**WHAT THE TASK ASKS:**
In the entries that follow, find the line containing "26年029期一字解特码福彩3d彩报" and the line containing "Used 2012 Mercedes", then retype exactly the lines from the first through the second, pictures excluded.

**EXCERPTED DATA:**
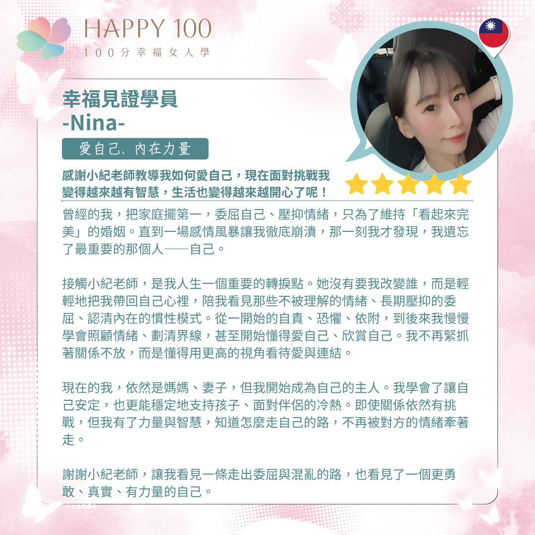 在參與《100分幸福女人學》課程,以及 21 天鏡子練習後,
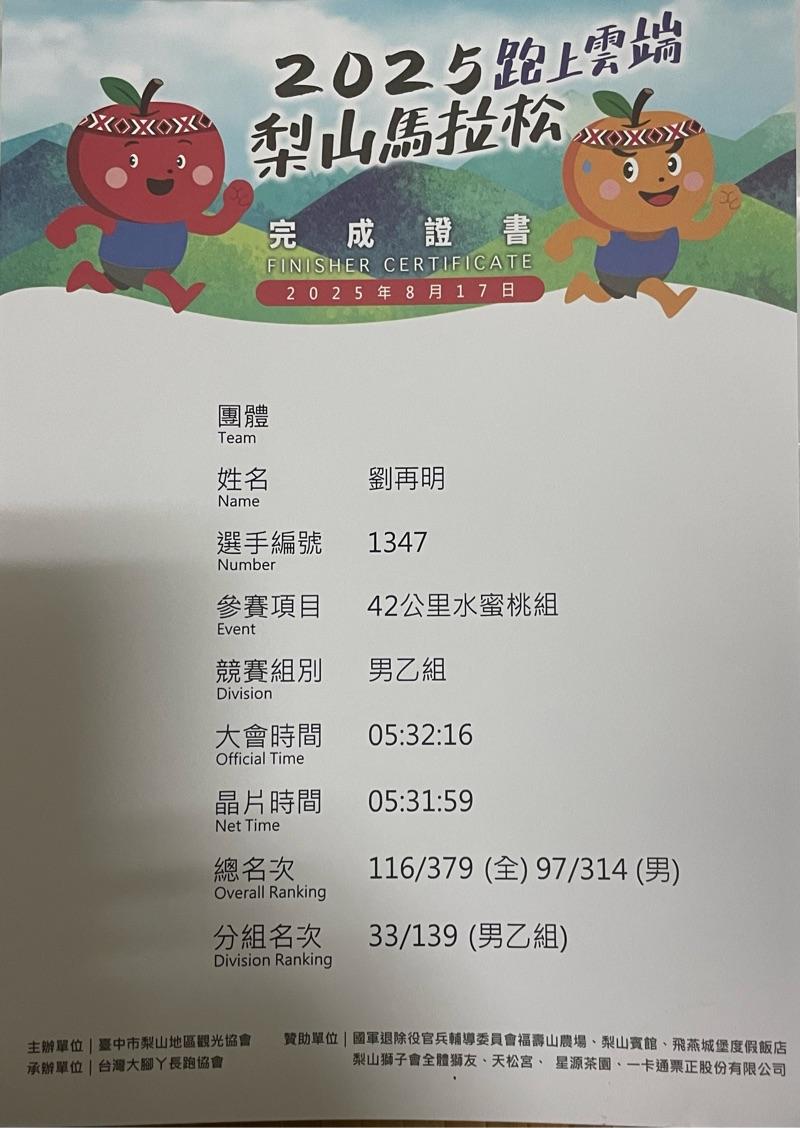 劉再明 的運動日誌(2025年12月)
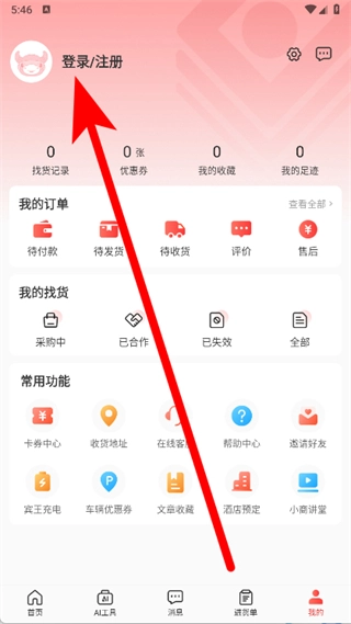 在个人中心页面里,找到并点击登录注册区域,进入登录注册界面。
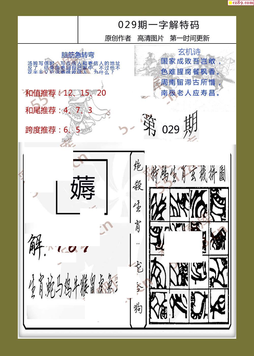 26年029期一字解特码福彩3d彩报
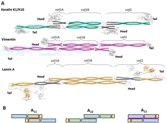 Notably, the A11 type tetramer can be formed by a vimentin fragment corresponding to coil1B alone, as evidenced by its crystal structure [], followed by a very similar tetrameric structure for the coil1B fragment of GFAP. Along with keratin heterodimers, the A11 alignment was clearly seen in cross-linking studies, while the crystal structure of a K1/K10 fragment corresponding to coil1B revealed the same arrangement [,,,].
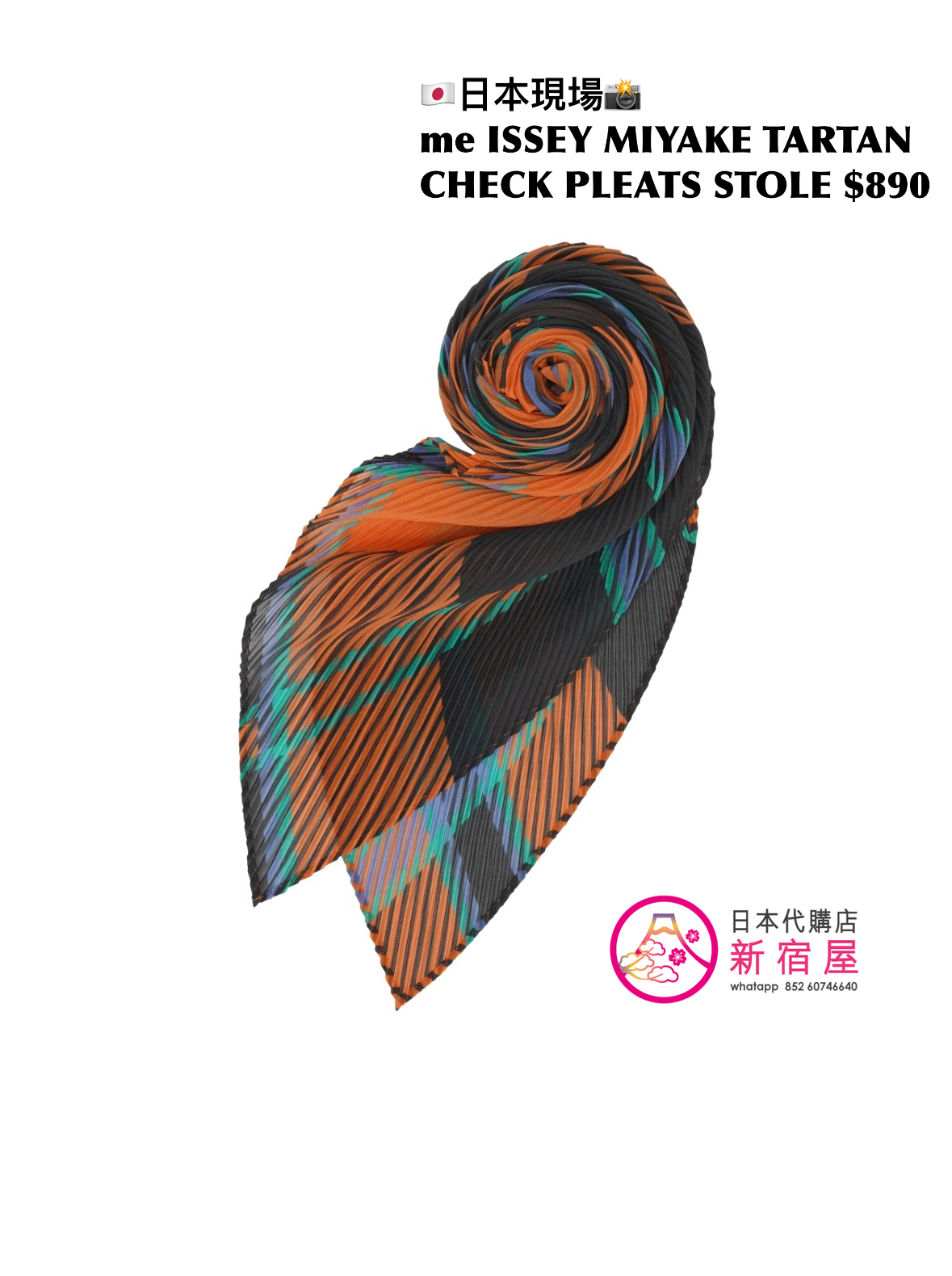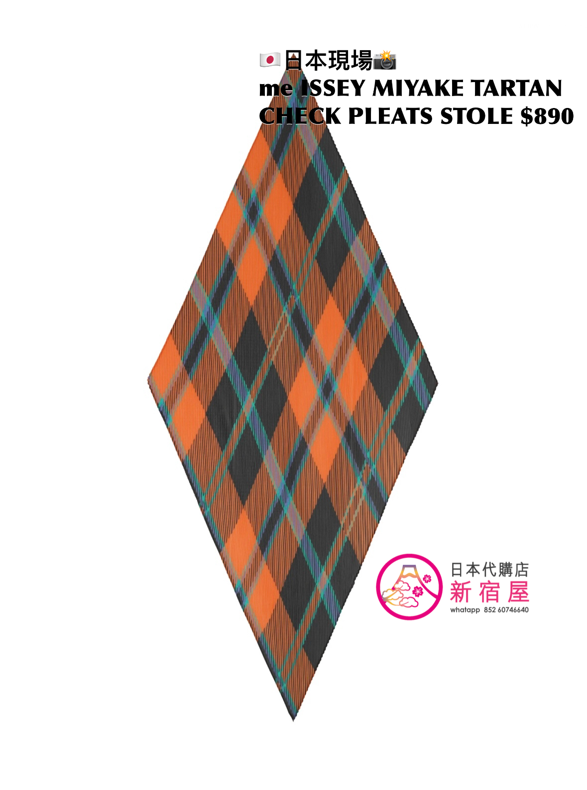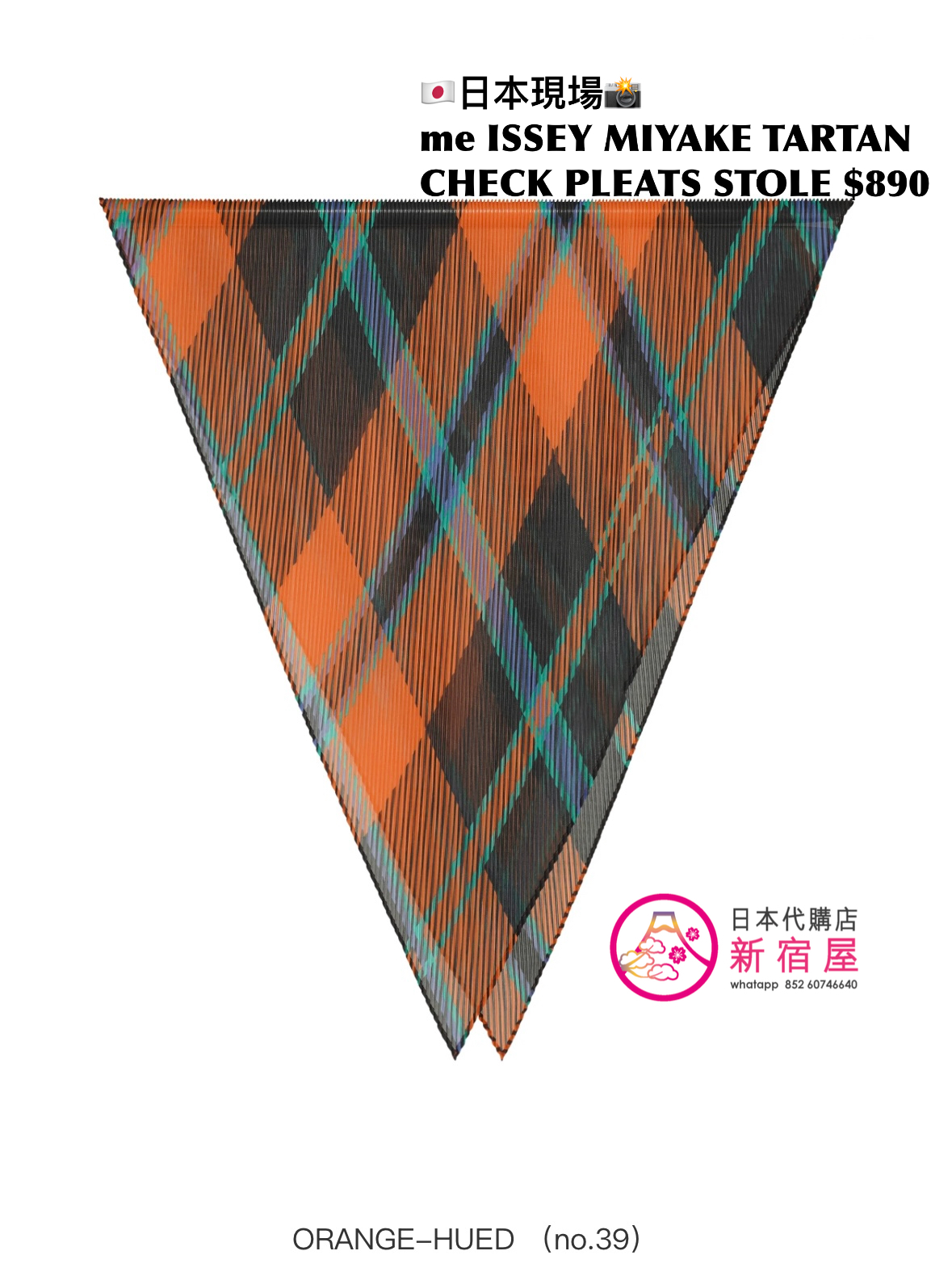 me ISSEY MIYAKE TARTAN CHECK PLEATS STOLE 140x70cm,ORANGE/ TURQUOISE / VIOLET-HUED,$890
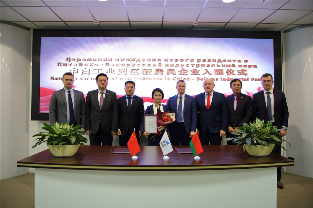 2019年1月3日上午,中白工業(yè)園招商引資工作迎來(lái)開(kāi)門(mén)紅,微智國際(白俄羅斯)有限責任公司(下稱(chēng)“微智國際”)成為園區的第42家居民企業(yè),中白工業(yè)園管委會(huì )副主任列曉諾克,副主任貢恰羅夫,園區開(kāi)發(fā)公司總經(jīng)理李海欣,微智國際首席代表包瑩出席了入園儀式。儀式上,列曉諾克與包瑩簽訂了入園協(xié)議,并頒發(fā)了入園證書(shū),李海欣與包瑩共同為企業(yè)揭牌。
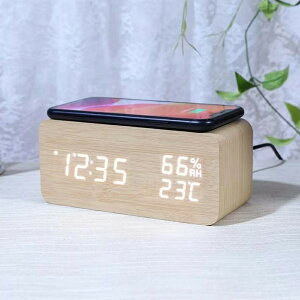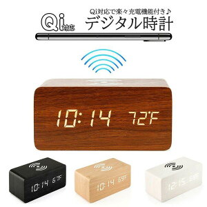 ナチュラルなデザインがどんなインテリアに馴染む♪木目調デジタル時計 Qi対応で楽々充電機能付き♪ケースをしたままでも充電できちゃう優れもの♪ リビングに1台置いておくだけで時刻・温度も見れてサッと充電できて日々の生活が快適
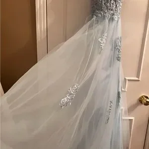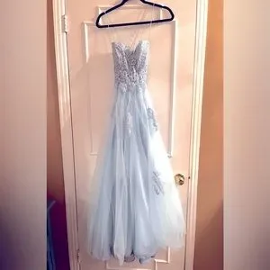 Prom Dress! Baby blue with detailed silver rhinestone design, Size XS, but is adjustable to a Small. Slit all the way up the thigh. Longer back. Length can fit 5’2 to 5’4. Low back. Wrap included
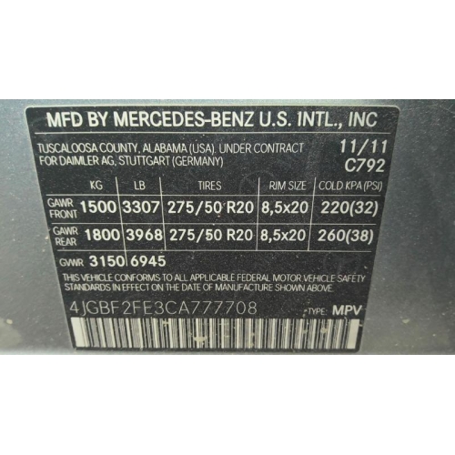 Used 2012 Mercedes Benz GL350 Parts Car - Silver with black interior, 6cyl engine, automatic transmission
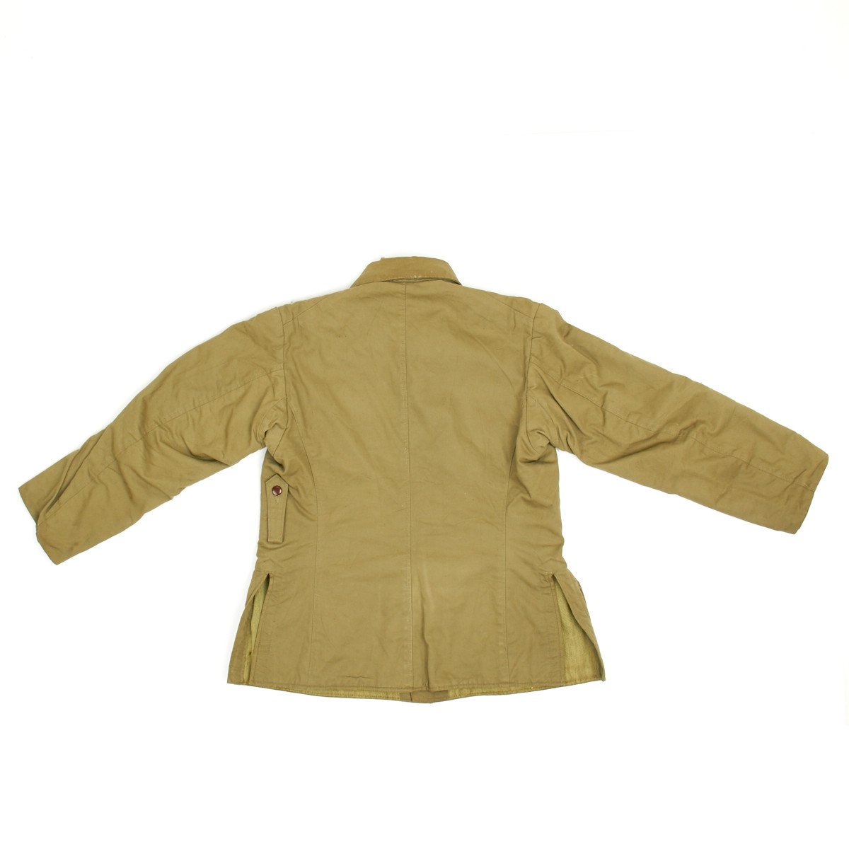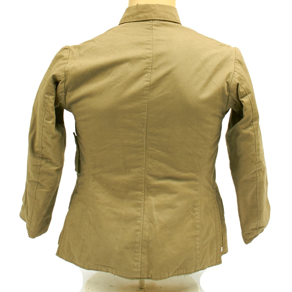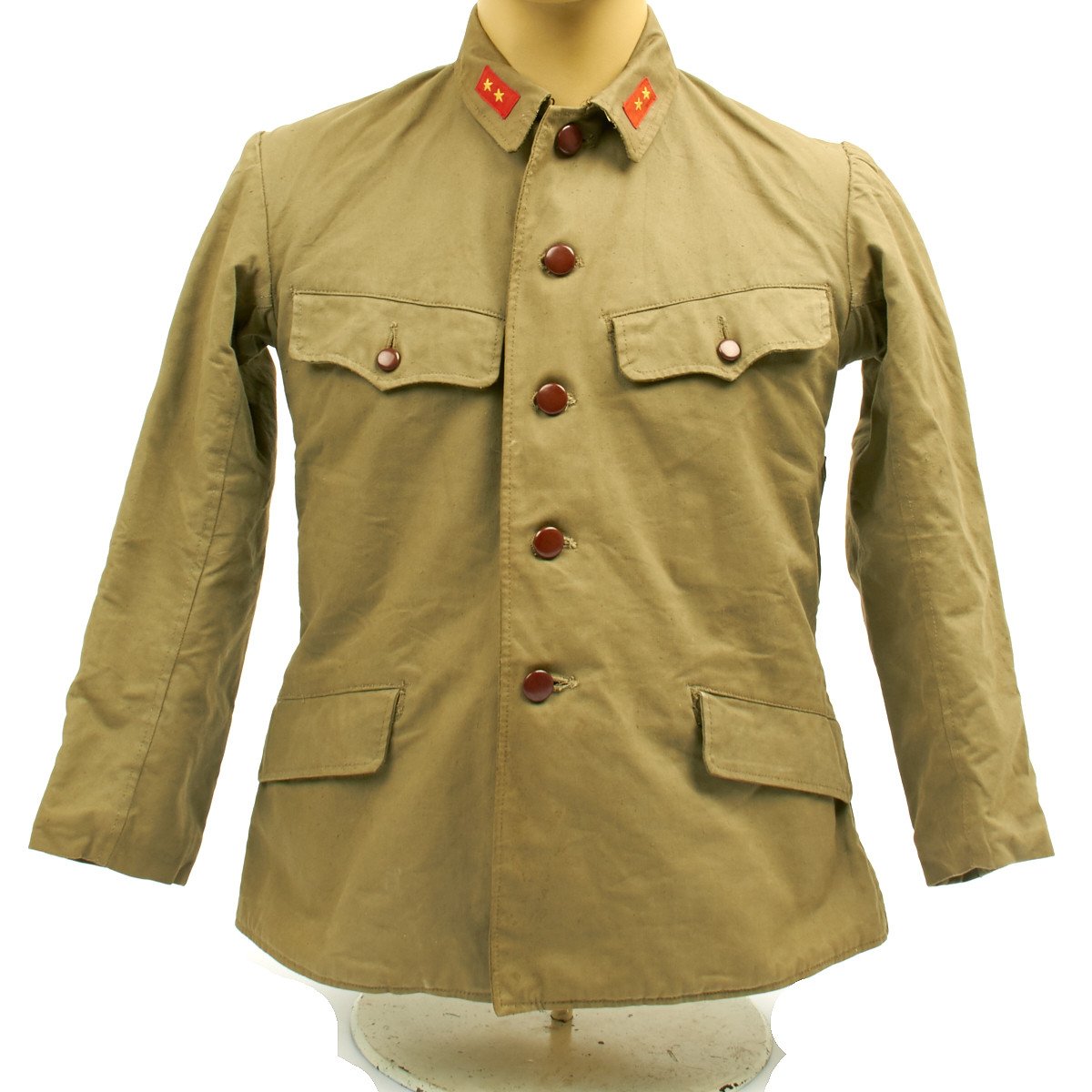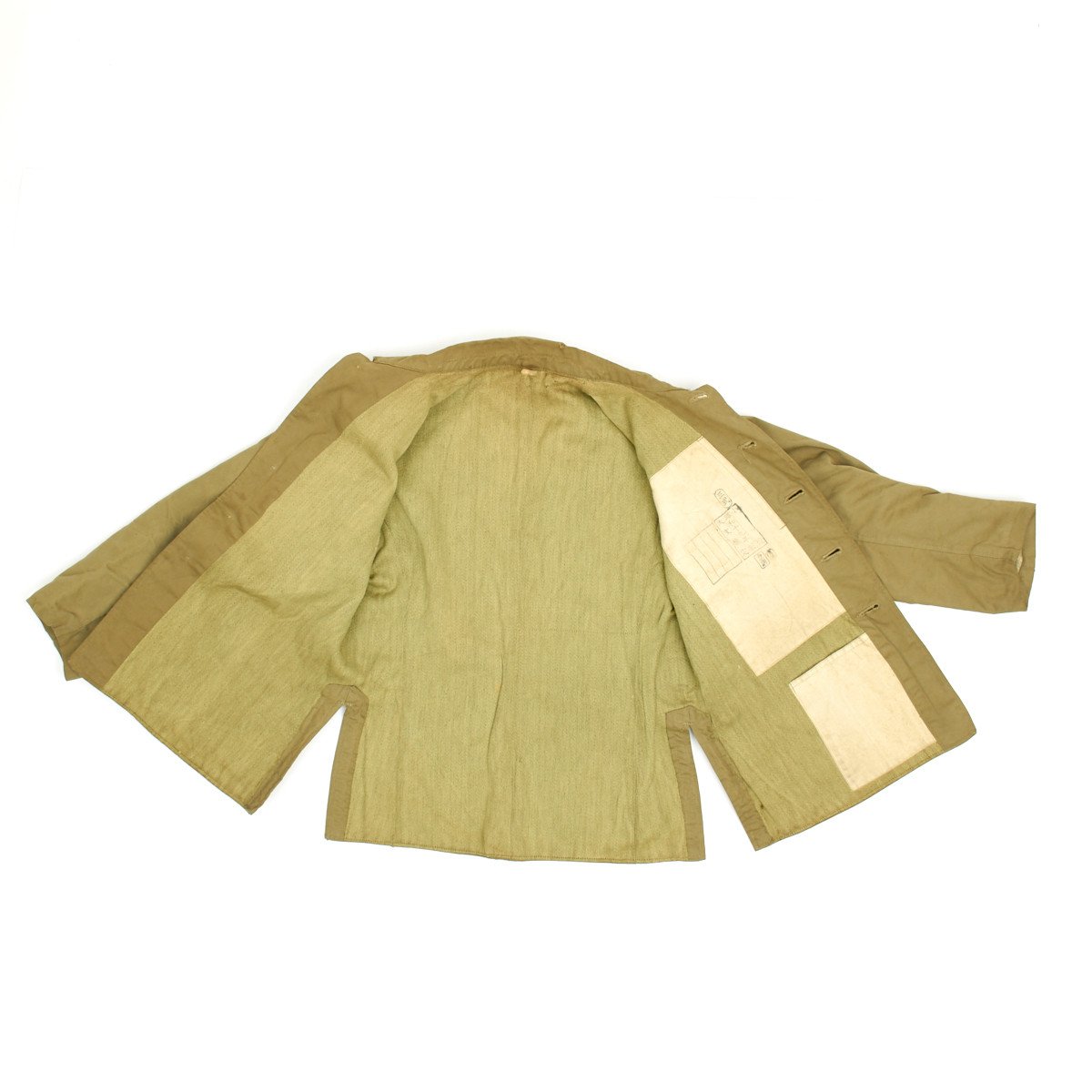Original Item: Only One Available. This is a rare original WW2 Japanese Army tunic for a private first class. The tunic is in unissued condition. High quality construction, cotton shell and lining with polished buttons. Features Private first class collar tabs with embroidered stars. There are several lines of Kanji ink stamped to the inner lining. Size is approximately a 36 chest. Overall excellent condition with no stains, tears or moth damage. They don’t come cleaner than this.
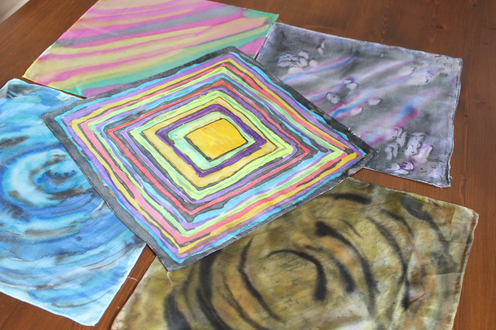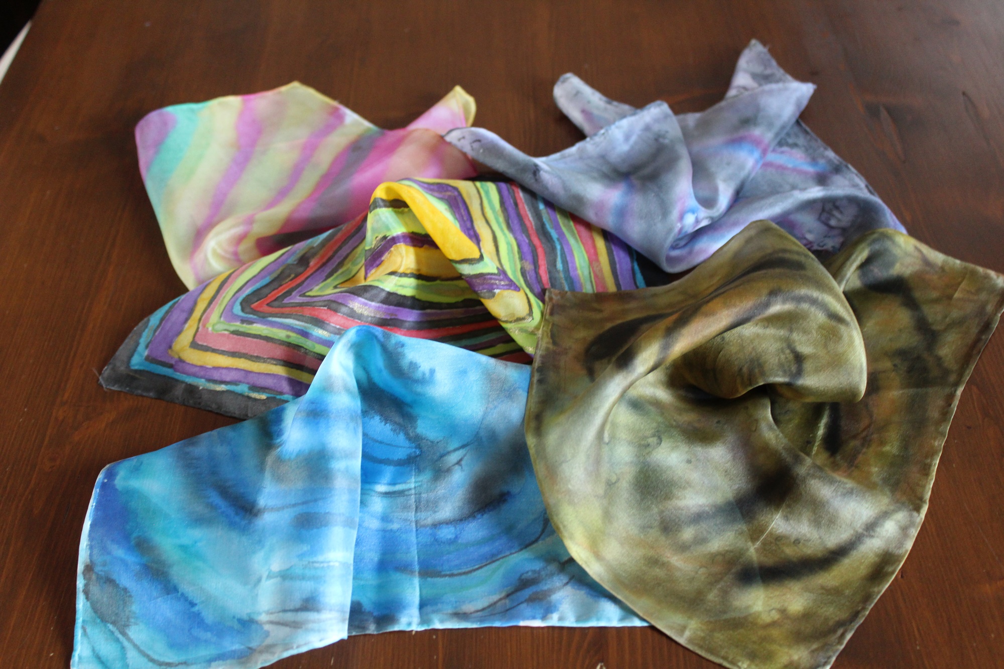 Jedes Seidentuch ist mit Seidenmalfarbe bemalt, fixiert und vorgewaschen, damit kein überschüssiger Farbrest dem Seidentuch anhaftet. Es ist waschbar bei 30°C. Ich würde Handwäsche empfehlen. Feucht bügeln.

**COMPLETED TASK:**
 26年029期一字解特码福彩3d彩报
 Notably, the A11 type tetramer can be formed by a vimentin fragment corresponding to coil1B alone, as evidenced by its crystal structure [], followed by a very similar tetrameric structure for the coil1B fragment of GFAP. Along with keratin heterodimers, the A11 alignment was clearly seen in cross-linking studies, while the crystal structure of a K1/K10 fragment corresponding to coil1B revealed the same arrangement [,,,].
 me ISSEY MIYAKE TARTAN CHECK PLEATS STOLE 140x70cm,ORANGE/ TURQUOISE / VIOLET-HUED,$890
 2019年1月3日上午,中白工業(yè)園招商引資工作迎來(lái)開(kāi)門(mén)紅,微智國際(白俄羅斯)有限責任公司(下稱(chēng)“微智國際”)成為園區的第42家居民企業(yè),中白工業(yè)園管委會(huì )副主任列曉諾克,副主任貢恰羅夫,園區開(kāi)發(fā)公司總經(jīng)理李海欣,微智國際首席代表包瑩出席了入園儀式。儀式上,列曉諾克與包瑩簽訂了入園協(xié)議,并頒發(fā)了入園證書(shū),李海欣與包瑩共同為企業(yè)揭牌。
 ナチュラルなデザインがどんなインテリアに馴染む♪木目調デジタル時計 Qi対応で楽々充電機能付き♪ケースをしたままでも充電できちゃう優れもの♪ リビングに1台置いておくだけで時刻・温度も見れてサッと充電できて日々の生活が快適
 Prom Dress! Baby blue with detailed silver rhinestone design, Size XS, but is adjustable to a Small. Slit all the way up the thigh. Longer back. Length can fit 5’2 to 5’4. Low back. Wrap included
 Used 2012 Mercedes Benz GL350 Parts Car - Silver with black interior, 6cyl engine, automatic transmission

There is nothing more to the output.